Но чем дальше, тем очевиднее становилось — от двукрылой, бипланной схемы пора отказываться, надо отказываться, необходимо отказываться, если мы хотим выйти на новые, значительно большие скорости.

Рубеж скорости, который предстояло взять, определили в 500 километров в час!

И, как всегда в авиации, прежде всего начались прикидки, предварительные расчеты, наброски «от руки».

Поначалу концы плохо сходились с концами: было решено выполнить самолет в однокрылой, монопланной схеме, выдержав наименьшие габариты. Уменьшение площади несущих поверхностей неизбежно вело к значительному увеличению нагрузки на квадратный метр. Но зато обеспечивало больший прирост максимальной скорости. Казалось бы, то, что надо. Но большая нагрузка на квадратный метр несущих плоскостей должна увеличить посадочную скорость и скорость отрыва от земли. Значит, новому истребителю потребуются большие аэродромы, лучшее покрытие взлетных полос… Противоречие явное и, увы, не единственное…

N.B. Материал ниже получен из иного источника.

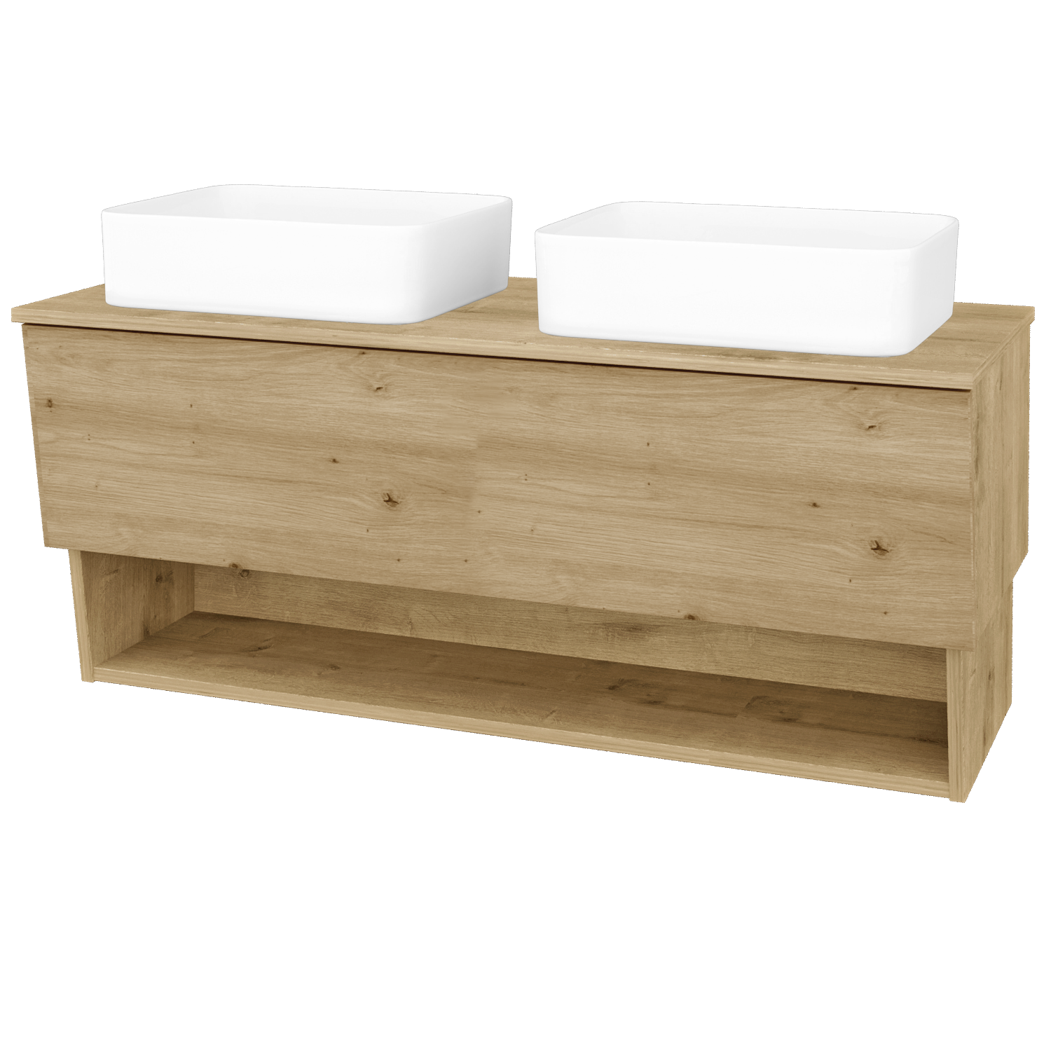 Závěsná umyvadlová skříňka 121,4x49,8x46 cm s 1 zásuvkou, nikou a 2 keramickými umyvadly Joy Zobrazit více

Чтобы скорректировать посадочные характеристики, можно оснастить крыло посадочными щитками — щитки эффективное приспособление. Только они дают, во-первых, совершенно неизбежное усложнение конструкции, во-вторых, некоторую прибавку веса; чтобы преодолеть эти нежелательные последствия, придется либо увеличивать мощность двигателя, либо…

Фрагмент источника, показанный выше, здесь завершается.